Sebelum Bencana (Kesiapsiagaan)
1) Identifikasi Jalur Evakuasi yang Ramah Lansia
• Pastikan rute evakuasi dari rumah menuju titik kumpul aman dari hambatan fisik (tidak terlalu terjal, tidak penuh tangga tinggi, dan memiliki permukaan jalan yang stabil).
• Ketahui lokasi Tsunami Vertical Shelter (gedung evakuasi vertikal) terdekat jika jarak ke dataran tinggi terlalu jauh.
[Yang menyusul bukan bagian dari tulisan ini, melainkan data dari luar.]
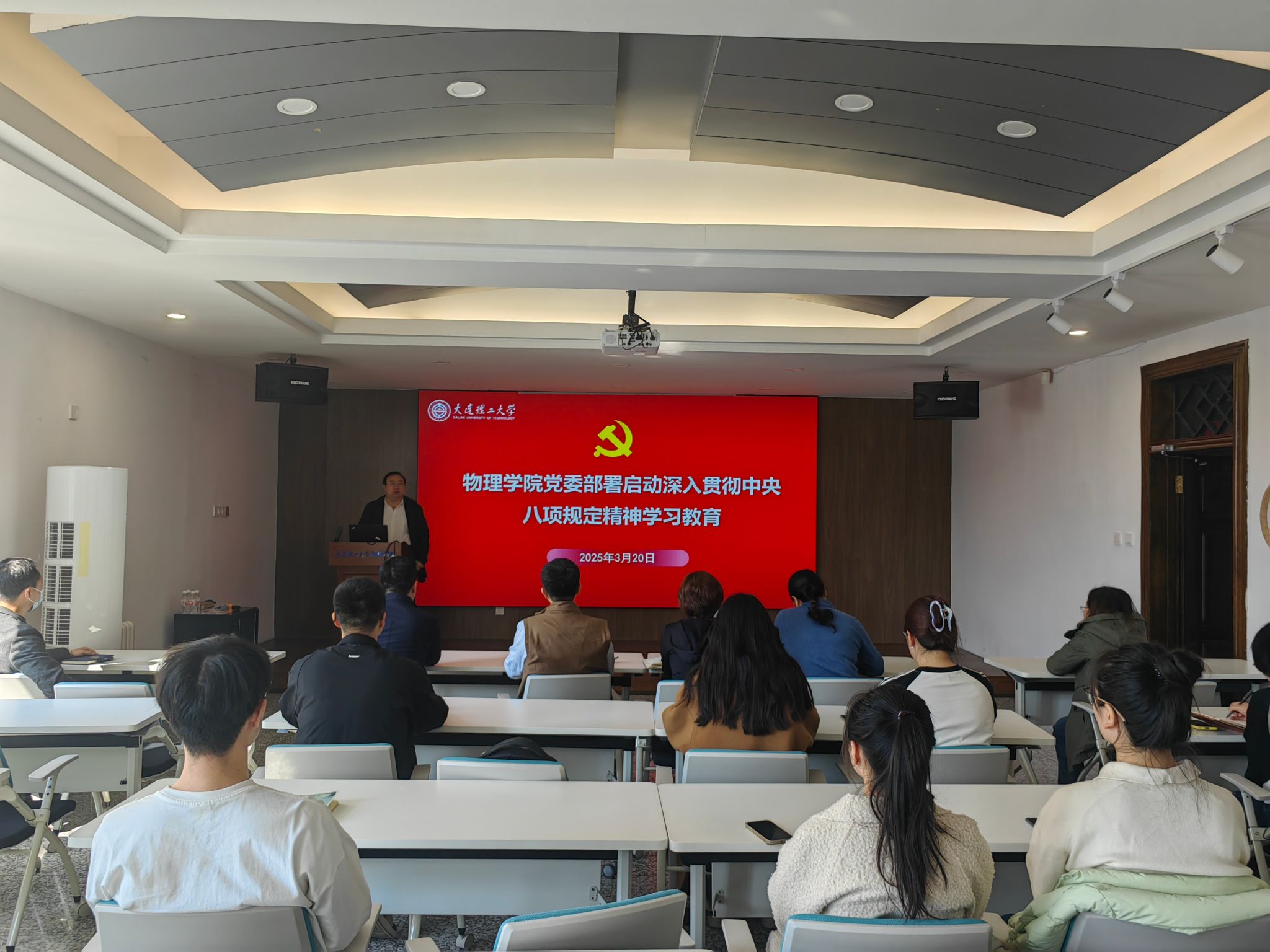 3月20日下午,好博官方网站党委在物理楼322会议室召开部署启动深入贯彻中央八项规定精神学习教育大会,传达学校党委深入贯彻中央八项规定精神学习教育部署会的会议精神,部署启动学院的学习教育工作。本次会议由学院党委书记于长水主持,学院党委委员和各支部书记参会。
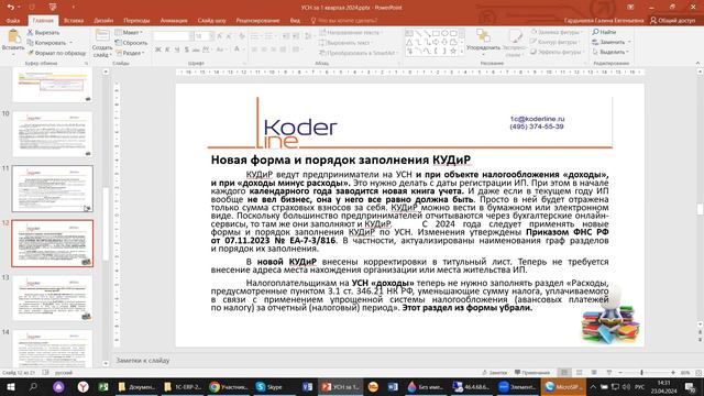 Компания «Кодерлайн» провела вебинар «УСН за 1 квартал 2024 на примере 1С:ERP» Ведущая: Гардышева Галина - консультант-аналитик 1С:ERP Целевая аудитория для бухгалтеров, пользователей и специалистов ИТ-подразделений компаний различных отраслей. Описание УСН всегда считалась «облегченным» режимом, по сравнению с ОСНО. Но так ли сейчас обстоит дело с Упрощенкой? На примере 1С:ERP смотрим, какие изменения произошли с этим спец. режимом в 2024 году. Программа 1. Новые правила составления КУДиР по УСН; 2. Когда компания (ИП) слетает с упрощенки; 3. Новый сервис Министерства по налогам и сборам в личном кабинете плательщика; 4. Сложности «простой» упрощенки; 5. Дополнительные сервисы, отчеты.
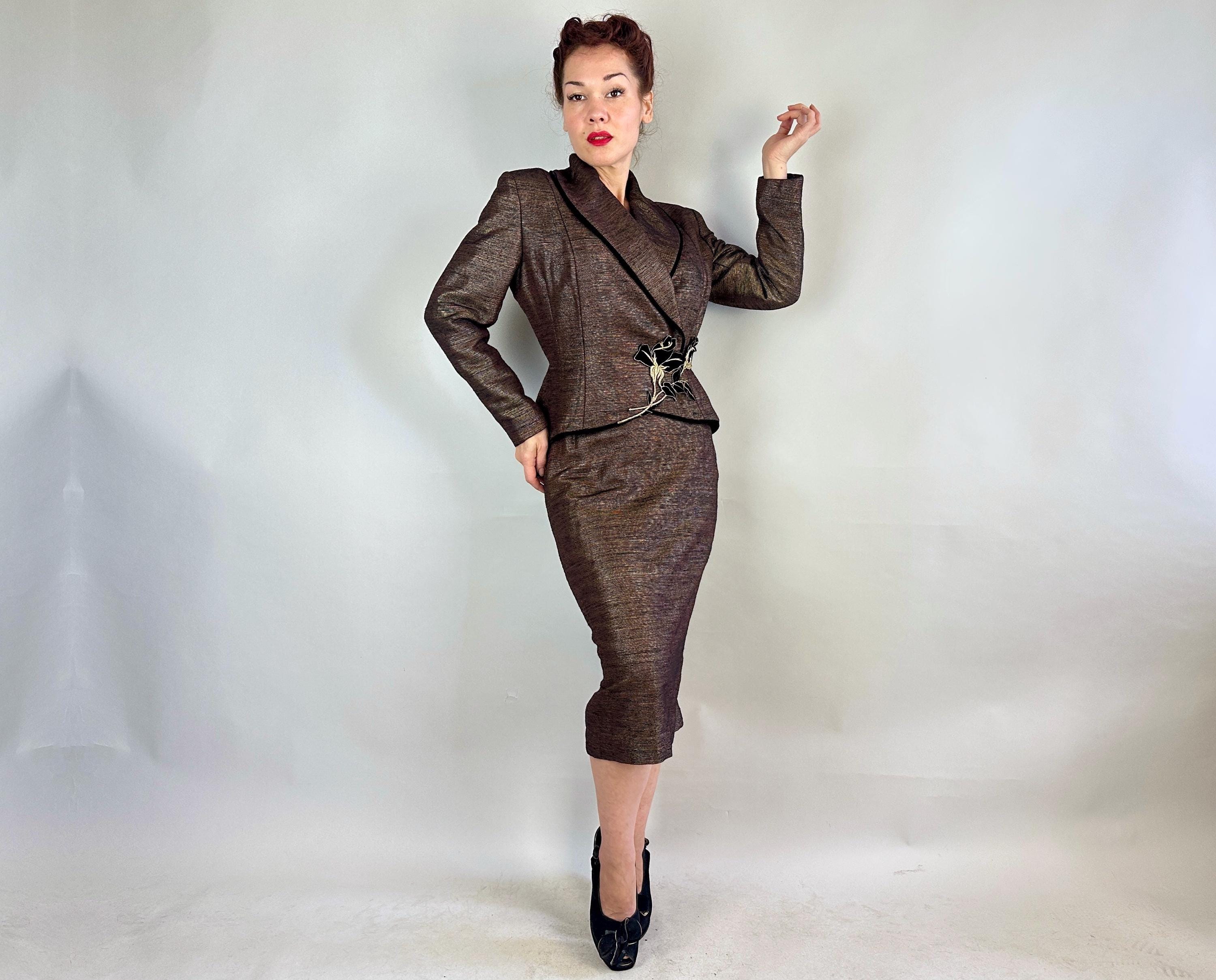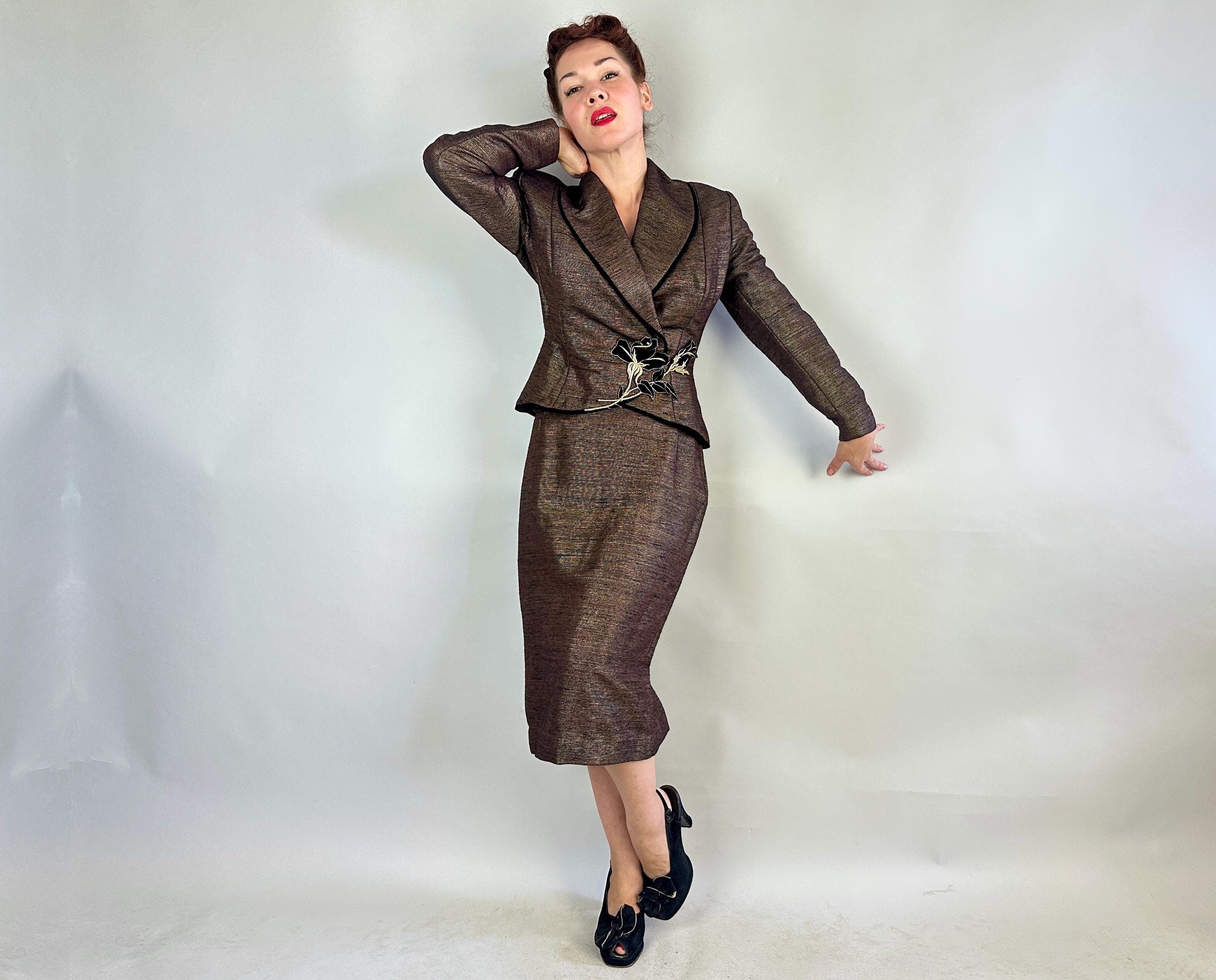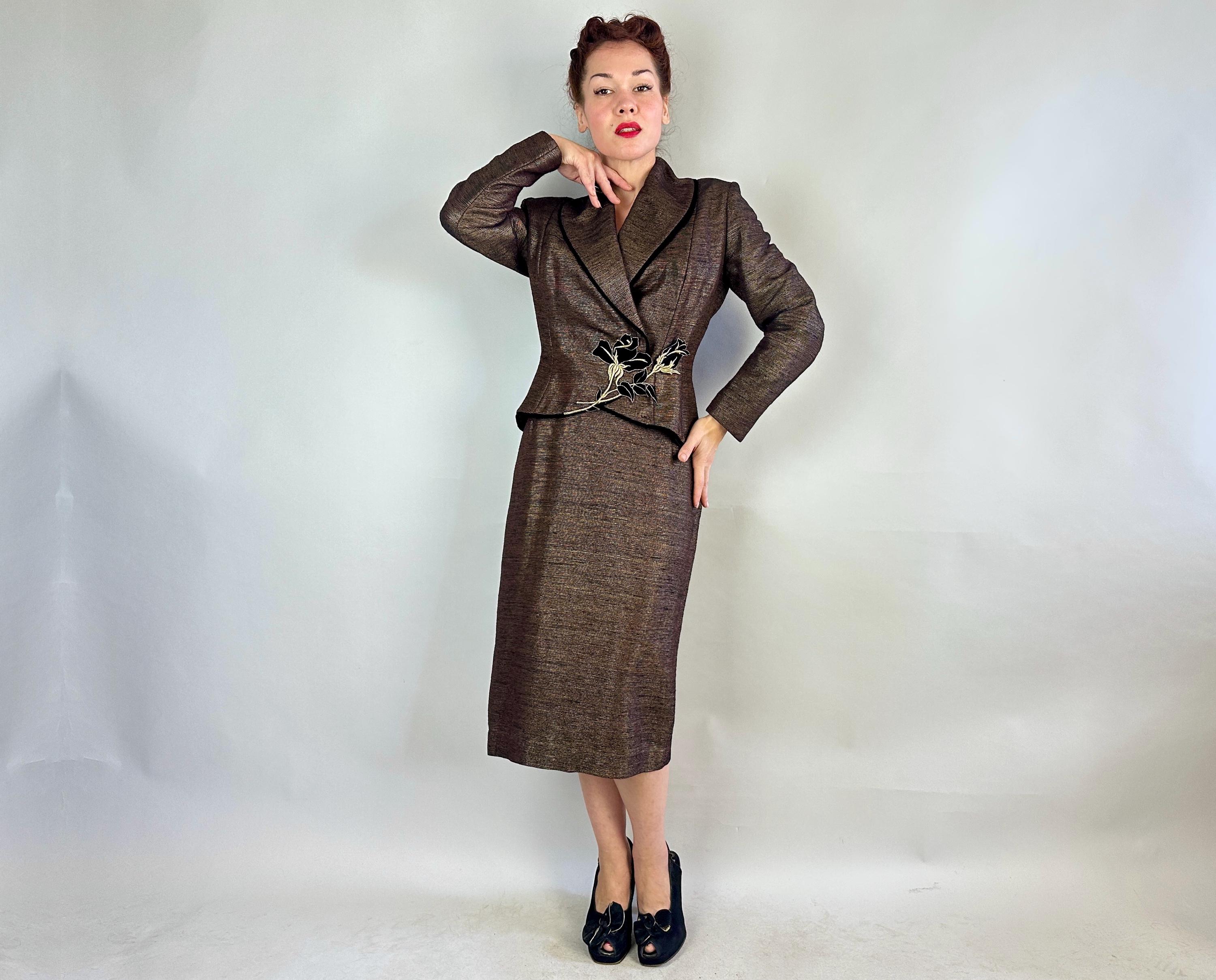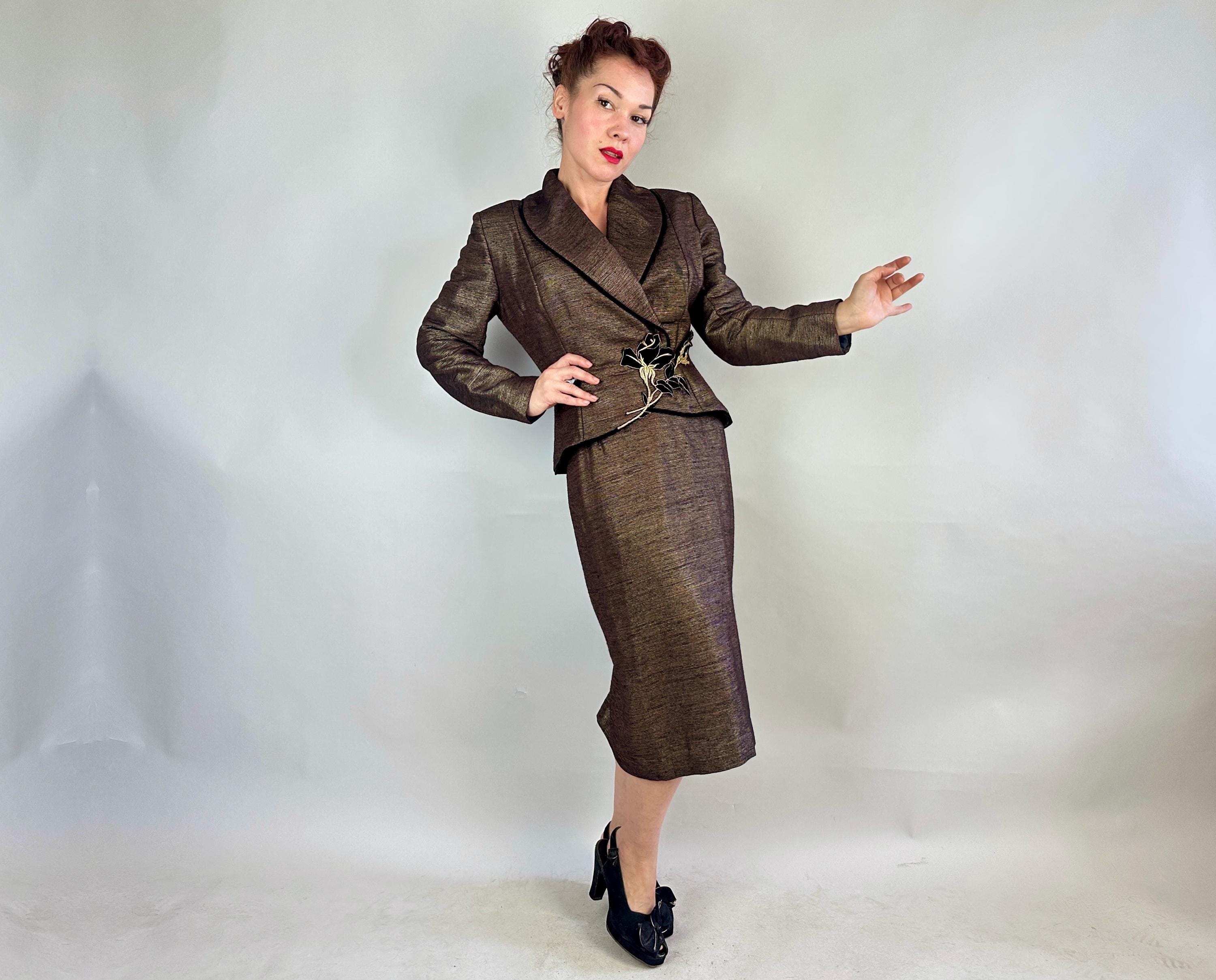 Is all that glitters truly gold? Who cares because you'll be golden in this 1950s "Lilli Ann" suit! The cloth is a black and brown wool and silk blend with a raised faille texture alternated with gold lamé giving an overall look of an antique bronze statue in a state of being polished. The jacket is beautifully styled with a wide shawl lapel, padded shoulders, the signature "Lilli Ann" shaped seamwork, and a rose applique sitting asymmetrically on the waist that disguises the snap fastenings. The rose is of black velvet with gold metal thread making embroidered details and black velvet is also used as a piped trim. The pencil skirt has a knife kick pleat and side metal zipper with button for closure. Black rayon crepe fully lines the jacket and partially lines he skirt. This suit is in great vintage condition, with a small subtle mend on the skirt waistband (obviously not seen when worn) but no holes, stains, nor odors to note.

2) Sistem Pendukung (Buddy System)
• Tunjuk anggota keluarga, tetangga, atau relawan setempat yang bertugas khusus untuk membantu evakuasi lansia tersebut saat alarm berbunyi. Jangan biarkan lansia tinggal sendiri tanpa sistem pemantauan dari lingkungan sekitar.
3) Menyiapkan Tas Siaga Bencana Khusus Lansia
• Obat-obatan rutin (minimal untuk persediaan 7 hari) dan salinan resep dokter.
• Alat bantu (kacamata cadangan, baterai alat bantu dengar, atau tongkat lipat).
• Dokumen medis penting (catatan riwayat penyakit, alergi, dan nomor kontak dokter/keluarga).
• Popok dewasa (jika diperlukan) dan makanan lunak/nutrisi khusus.
4) Modifikasi Lingkungan Rumah
• Atur tempat tidur lansia di lantai dasar (jika rumah bertingkat) dan posisikan sedekat mungkin dengan pintu keluar.
• Pastikan jalur menuju pintu keluar bebas dari perabotan besar yang mudah roboh akibat gempa bumi (yang biasanya memicu tsunami).